Data supplied Start Marker

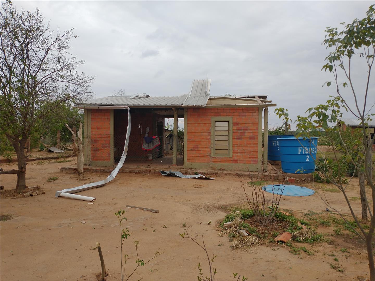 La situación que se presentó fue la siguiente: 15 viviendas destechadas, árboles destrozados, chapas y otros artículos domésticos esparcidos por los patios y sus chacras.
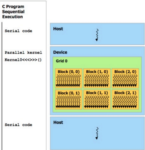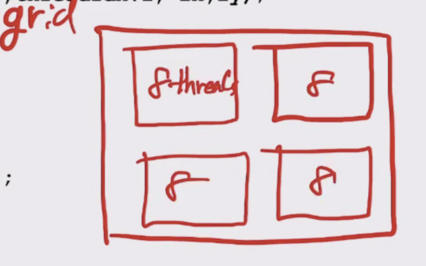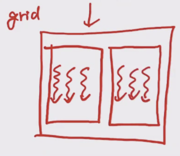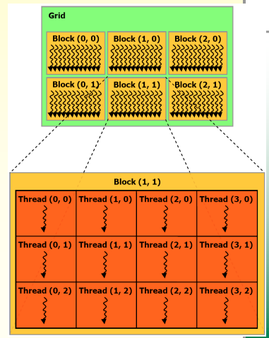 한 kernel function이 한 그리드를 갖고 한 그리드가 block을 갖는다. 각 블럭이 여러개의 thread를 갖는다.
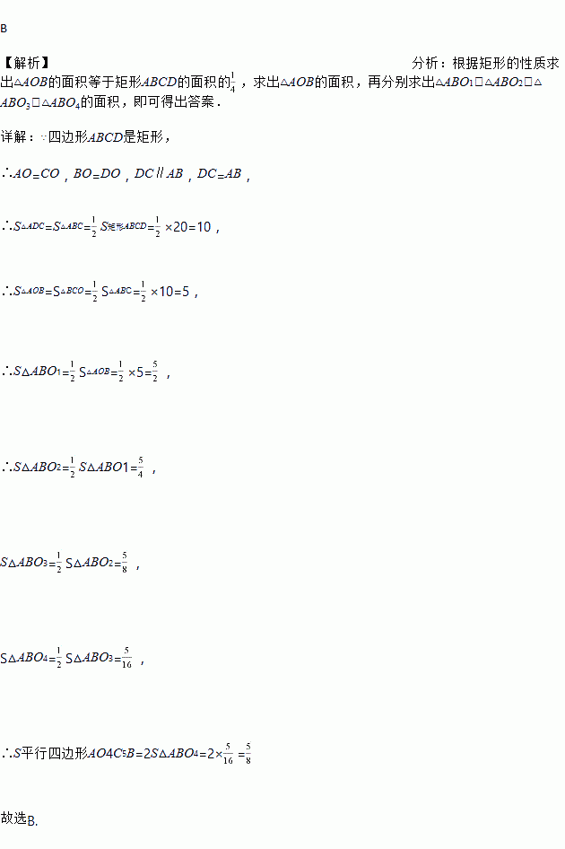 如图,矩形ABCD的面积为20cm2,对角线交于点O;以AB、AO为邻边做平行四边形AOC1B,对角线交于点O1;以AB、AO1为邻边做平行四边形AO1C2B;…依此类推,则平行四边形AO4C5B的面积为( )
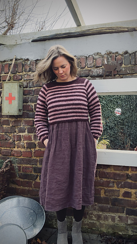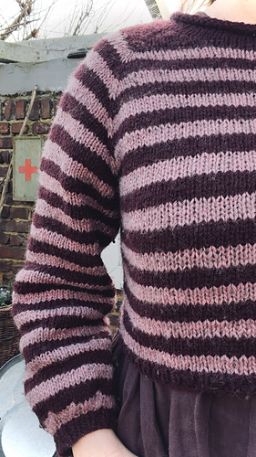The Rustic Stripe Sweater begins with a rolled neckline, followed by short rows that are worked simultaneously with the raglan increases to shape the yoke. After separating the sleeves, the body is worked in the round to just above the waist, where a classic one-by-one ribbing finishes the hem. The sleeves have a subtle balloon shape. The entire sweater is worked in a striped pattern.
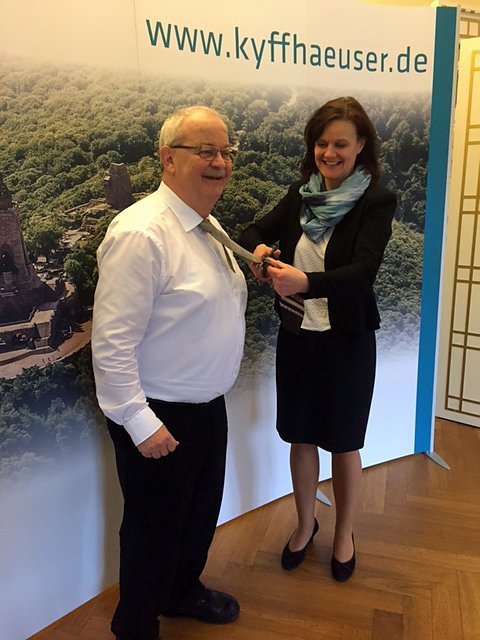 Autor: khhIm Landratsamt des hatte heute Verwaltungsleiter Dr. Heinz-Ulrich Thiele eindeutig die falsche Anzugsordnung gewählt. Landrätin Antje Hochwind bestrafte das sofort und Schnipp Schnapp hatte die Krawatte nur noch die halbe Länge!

Data supplied End Marker
Data supplied Start Marker

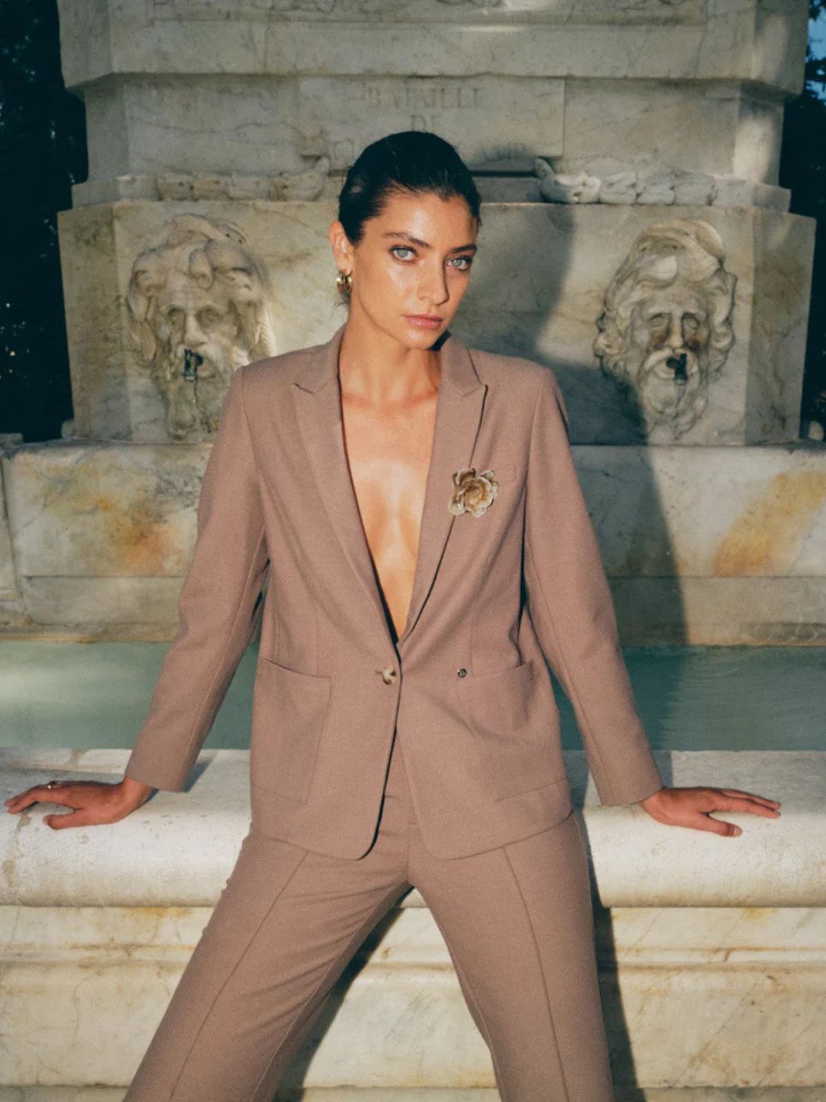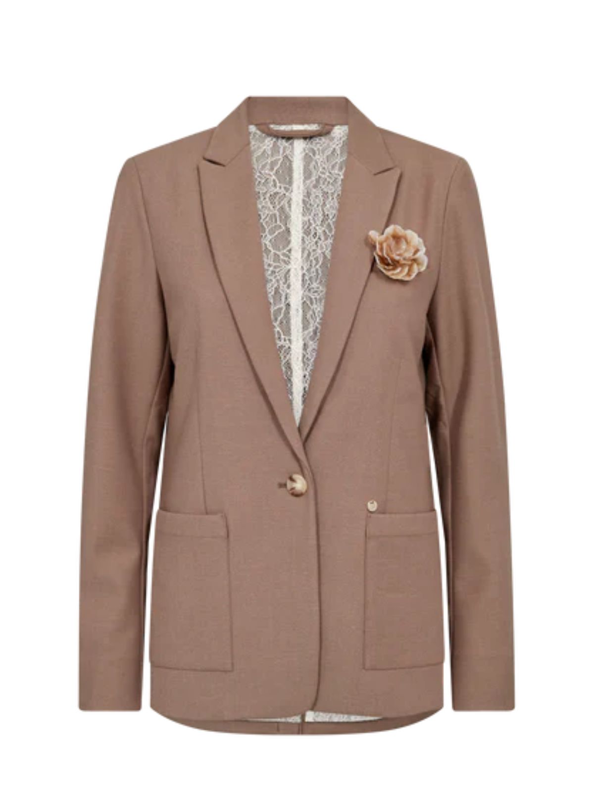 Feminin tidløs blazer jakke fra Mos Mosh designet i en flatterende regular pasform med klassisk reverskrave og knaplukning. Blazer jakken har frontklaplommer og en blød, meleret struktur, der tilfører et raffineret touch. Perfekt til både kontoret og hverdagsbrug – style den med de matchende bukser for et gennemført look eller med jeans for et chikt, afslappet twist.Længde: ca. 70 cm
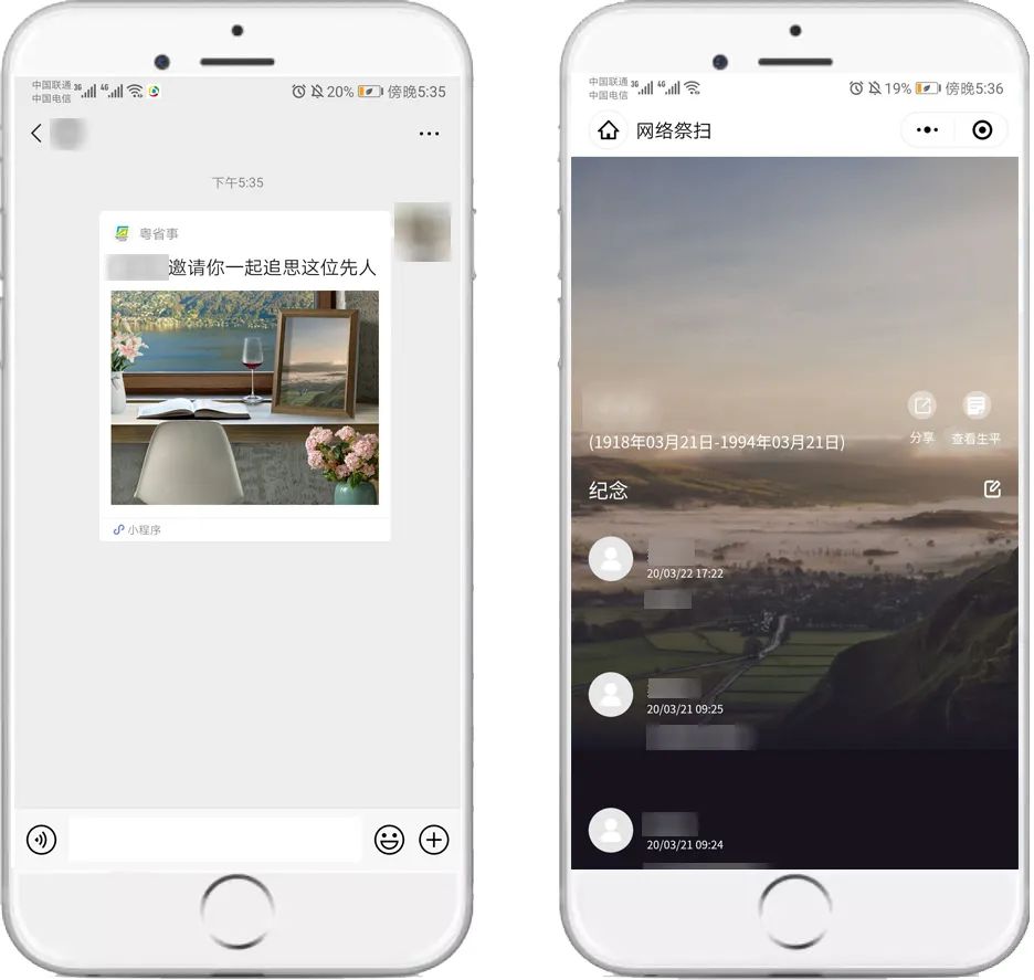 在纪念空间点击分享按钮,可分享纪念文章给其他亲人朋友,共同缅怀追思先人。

Data supplied End Marker

» **What you should do**:
Exercise for the records above: copy only the lines from the one with "한 kernel function이" to the one with "如图,矩形ABCD的面积为2", both ends kept, and drop the pictures.

» **Result for this task**:
 한 kernel function이 한 그리드를 갖고 한 그리드가 block을 갖는다. 각 블럭이 여러개의 thread를 갖는다.
 如图,矩形ABCD的面积为20cm2,对角线交于点O;以AB、AO为邻边做平行四边形AOC1B,对角线交于点O1;以AB、AO1为邻边做平行四边形AO1C2B;…依此类推,则平行四边形AO4C5B的面积为( )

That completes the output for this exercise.